Mesmo sem ser um homem, até onde eu sei, é preciso que exista um estímulo sexualmente atraente para que ocorra uma ereção. Ver outro homem nu, sentir o cheiro de macho suado, ouvir uma voz grossa e como reação ter uma ereção e MANTER esta ereção enquanto faz sexo com esse homem me parece mais prova de viadagem do que simplesmente ser penetrado. O grande problema da minha teoria é que teriamos muito suposto machão sendo classificado de viado. Talvez por isso aqueles que fazem sexo de forma ativa com outros homens sejam “absolvidos”: porque são muitos! Até mesmo heróis nacionais, como Pelé, por exemplo, que confessou que sua primeira vez foi com um homem. Perigoso, né? Vai ter muita gente quicando com esta teoria.

“Mas Sally, homem mete em qualquer coisa, em bananeira, em galinha e em cabra, para eles tanto faz, qualquer homem é capaz de comer outro homem”. Para começo de conversa, não acredito que isso seja verdade.

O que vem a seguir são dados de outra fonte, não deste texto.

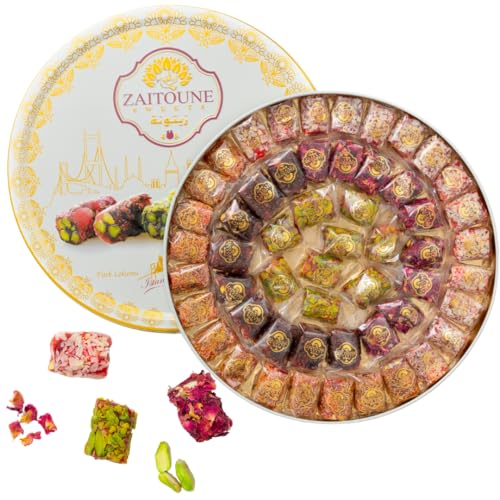 Zaitoune Turkish Delight Mix - 650 g | Luxury Assortment with Pomegranate, Pistachio & Rose Presented in a Beautiful Gift Tin | Authentic Luxury Sweets | Handmade in Turkey & Traditional Recipe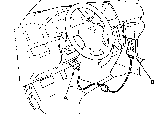 When the data link connector (DLC) (A) (located under the dash behind the center console) is connected to the OBDII Scan Tool or Honda PGM Tester (B), it will indicate the diagnostic trouble code (DTC) when the ignition switch is turned ON (II).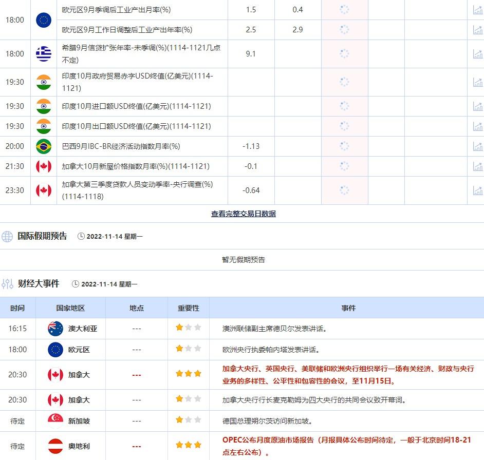 ①11月14日(周一)关键字:欧元区9月工业产出,OPEC原油市场报告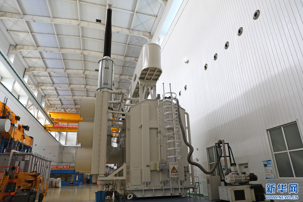 在天威保变(秦皇岛)变压器有限公司生产车间,装配完成的46万千伏安变压器正在调试。新华网 魏会博摄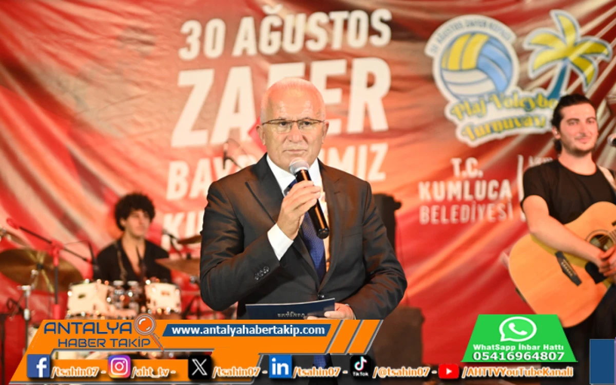 antalyahabertakip.com - 30 Ağustos Zafer Bayramı etkinliklerine; Kumluca Kaymakamı Bahadır Güneş, Kumluca Belediye Başkanı Uzm. Dr. Mesut Avcıoğlu, Kumluca Cumhuriyet Başsavcısı Gökhan Kıymacı, Kumluca Milli Eğitim Müdürü Yusuf Tekdemir, Kumluca Gençlik ve Spor Müdürü Erol Koca, Kumluca Emniyet Müdürü Mehmet Akbulut, Kumluca Sağlık Müdürü Mehmet Çiftçi, Kumluca Müftüsü Bedir Aydın, Ak Parti İlçe Başkanı Bekir Paslıkılıç, Cumhuriyet Halk Partisi İlçe Başkanı Fahretdin Karaöz, Milliyetçi Hareket Partisi İlçe Başkanı Ömer Tekin, Demokrat Parti İlçe Başkanı Ramazan Hoyrazlı, Saadet Partisi İlçe Başkanı Ergün Eren, Büyük Birlik Partisi İlçe Başkanı Mustafa Ay, Yeniden Refah Partisi İlçe Başkanı Nasuh Yaşar, Kumluca Ticaret ve Sanayi Odası (KUTSO) Yönetim Kurulu Başkanı Fahri Özen, Kumluca Ticaret Borsası (KUTBO) Yönetim Kurulu Başkanı Fatih Durdaş, Kumluca Esnaf ve Sanatkârlar Odası Başkanı Selçuk Çınar, Kumluca Ziraat Odası Başkanı Hidayet Kökçe, belediye meclis üyeleri, mahalle muhtarları ve çok sayıda Kumlucalı vatandaş katıldı.

Eu conheço histórias de pessoas que tentaram fazer sexo com outros homens e simplesmente não conseguiram. Suas palavras forma esclarecedoras: “Não adianta, Sally, não sobre”. Depois, ainda tem o fato da escolha, porque um homem escolheria fazer sexo anal com outro homem com tanta mulher disponível?

Já que nossa sociedade insiste em classificar a sexualidade de alguém, não seria mais óbvio adotar o critério do INTERESSE SEXUAL? Não é um daqueles textos onde eu afirmo algo porque acredito nisso, é um daqueles textos onde eu pergunto porque não sei a resposta.

Não custa esclarecer que a intenção aqui não é rotular, e sim aprender a identificar. Com a crescente aceitação social da homossexualidade, mais e mais homossexuais estão se assumindo e com isso, eventualmente se faz necessário aprender a identificá-los para fins de flerte. Tanto para saber com quem flertar como para saber com quem não flertar. Sem contar que sempre podemos cruzar com um parceiro que está, digamos, indeciso ou que ainda não percebeu sua própria homossexualidade. Chegamos ao ponto de confusão em que homossexualidade é relativa, o que é gay para uma pessoa pode não ser gay para a outra. E agora, comofas, miguxos?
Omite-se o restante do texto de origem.